A VPRN is a routed (layer 3) network over an MPLS cloud, that is VRF-aware, or customer-aware. This means several different routing instances (VRFs, remember?) can share the same MPLS cloud. How is this achieved when there’s only a point-to-point link between routers with one IP address? After all, an interface can only be assigned to one VRF. Solution: by adding a second MPLS label to the data: the ‘outer’ label (the one closest to the layer 2 header) is used to specify the destination router, the ‘inner’ label (closest to the original layer 3 header) is used to specify to which VRF a packet belongs. The outer label workings are identical to standard MPLS: these are learned by LDP and matched with a prefix in the routing table. But for the inner label, a VRF-aware process needs to run on each router that can handle label information and propagate it to other routers. That process is Multiprotocol-BGP, or MP-BGP.

MPLS-VPN-Header

The outer label is used to route the packet through the MPLS cloud, and the last router(s) use the inner label to see to which VRF a packet belongs. Let’s look at the configuration to understand it more. First, the basic setup:

MPLS-VPN-VRF

Notice the router names, as these are often used in MPLS terminology.

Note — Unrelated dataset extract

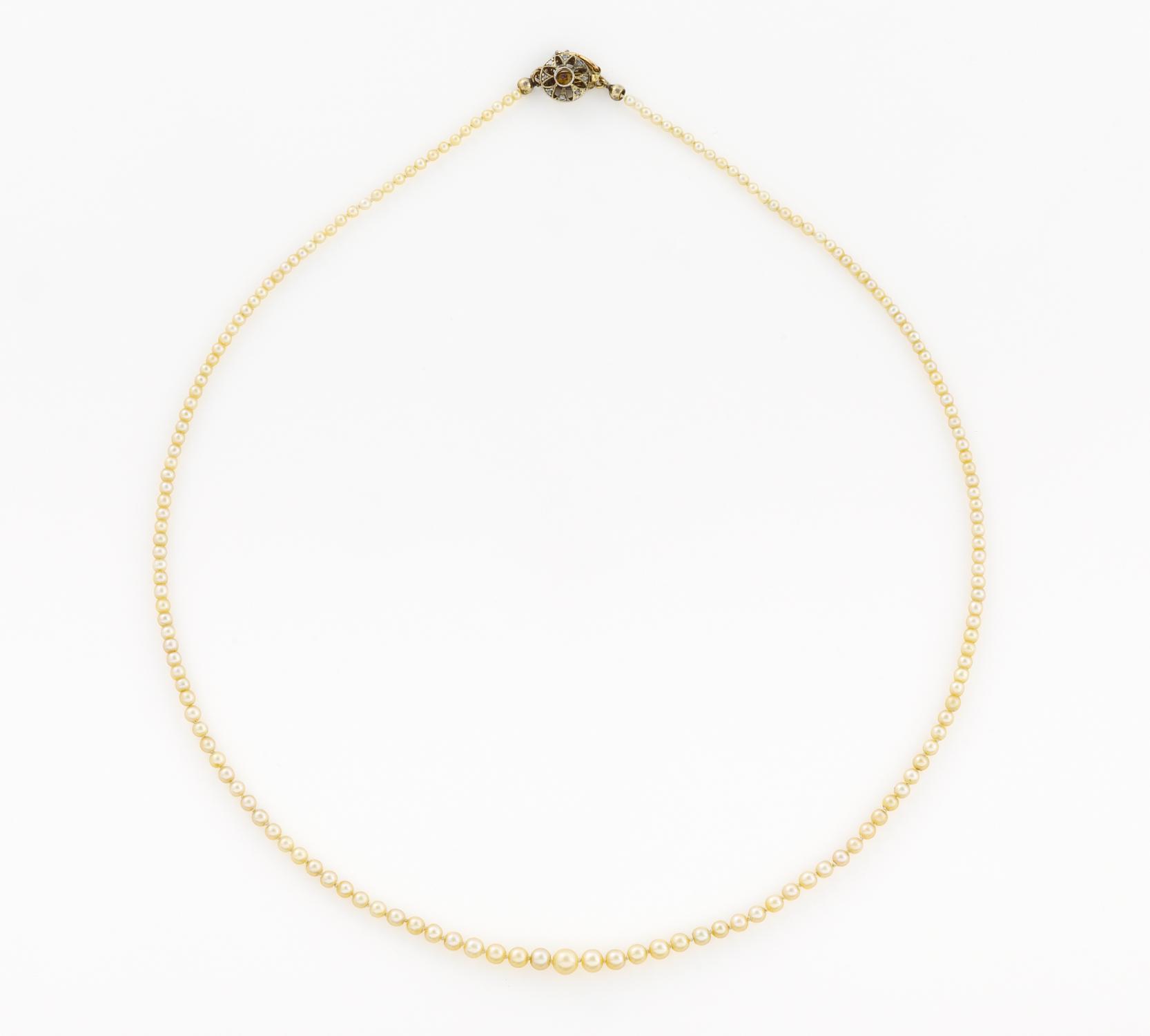 Zierschloß: 585/- Gelbgold, Silberverbödung, 8 winzige Diamantrosen, mittlerer Stein fehlend, Gewicht: 3,7g. 170 verlaufende Naturperlen, oval, rundlich-rund, D. 1,65-1,70 und 3,95-4,0mm, crème,

  • The Customer Edge router a router that directly connects to a customer network. It’s usually the demarcation point, where the equipment governed by the MPLS provider begins. Contrary to the name, the CE itself is often managed by the provider as well.
  • The Provider Edge router is the ‘first’ router (seen from a customer site point of view) that has MPLS enabled interfaces. It’s where the labels are applied for the first time.
  • A Provider router is a router completely internal to the MPLS cloud, having only MPLS enabled interfaces.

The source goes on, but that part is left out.